- **Exercise**
Could you output the whole listing exactly as it stands, minus any images?

- **Supplied data**

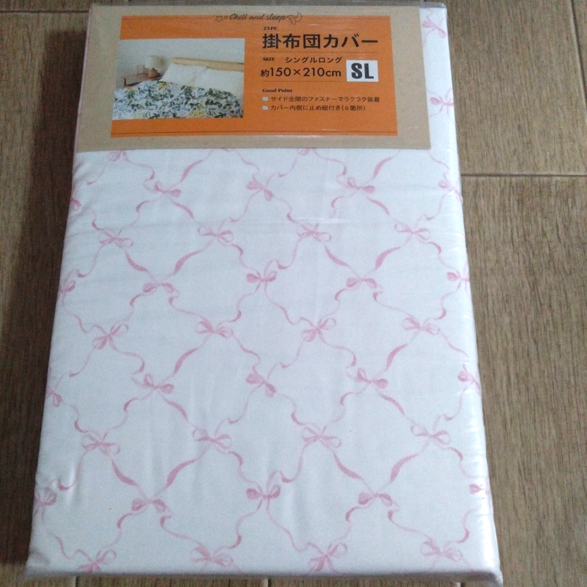 > ⑧掛け布団カバー 約150X210cm シングルロング カバー内側に6ヶ所止めヒモ付き サイド全開ファスナー
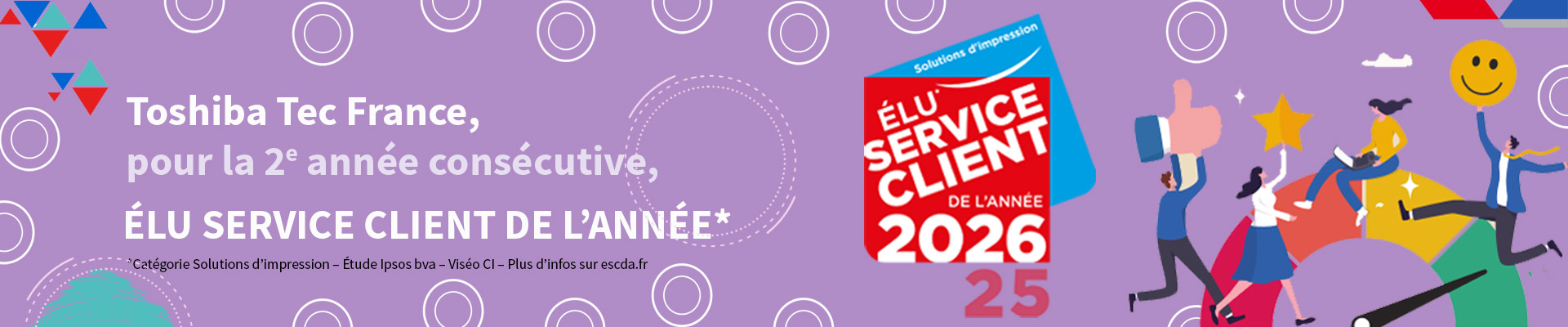 Pour la deuxième année consécutive, Toshiba Tec France a été distingué par le prix Élu Service Client de l’Année* dans la catégorie “Solutions d’impression”. Cette récompense valorise le travail des équipes et souligne l’engagement de l’entreprise à fournir un service de haute qualité, basé sur la réactivité, la pertinence des réponses et la satisfaction des utilisateurs.
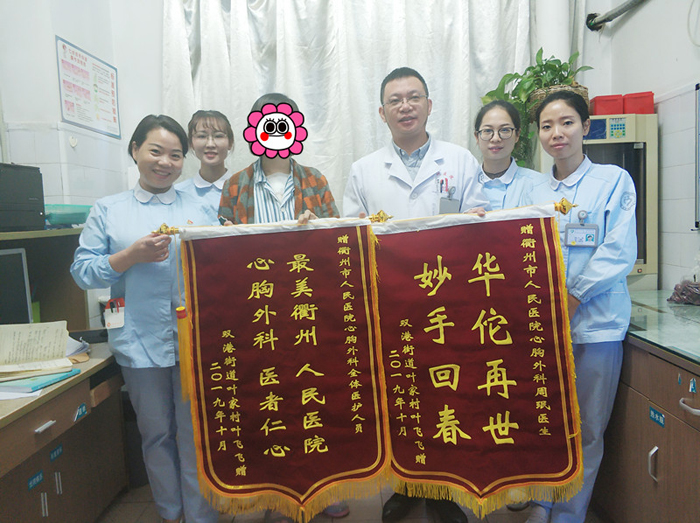 葉女士送上錦旗感謝醫(yī)護(hù)人員的救命之恩
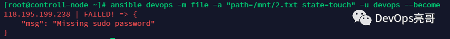$ ansible devops -m file -a "path=/mnt/2.txt state=touch" -u devops --become
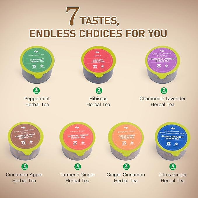 - A Variety Of Flavor Options: This pure herbal tea bag product comes with 16 independently packaged tea boxes, containing 7 unique flavors: Cinnamon Apple, Turmeric Ginger, Citrus Ginger, Chamomile Lavender, Mint, Ginger Cinnamon, Hibiscus, etc

- **Response to this exercise**
 > ⑧掛け布団カバー 約150X210cm シングルロング カバー内側に6ヶ所止めヒモ付き サイド全開ファスナー
 Pour la deuxième année consécutive, Toshiba Tec France a été distingué par le prix Élu Service Client de l’Année* dans la catégorie “Solutions d’impression”. Cette récompense valorise le travail des équipes et souligne l’engagement de l’entreprise à fournir un service de haute qualité, basé sur la réactivité, la pertinence des réponses et la satisfaction des utilisateurs.
 葉女士送上錦旗感謝醫(yī)護(hù)人員的救命之恩
$ ansible devops -m file -a "path=/mnt/2.txt state=touch" -u devops --become
 - A Variety Of Flavor Options: This pure herbal tea bag product comes with 16 independently packaged tea boxes, containing 7 unique flavors: Cinnamon Apple, Turmeric Ginger, Citrus Ginger, Chamomile Lavender, Mint, Ginger Cinnamon, Hibiscus, etc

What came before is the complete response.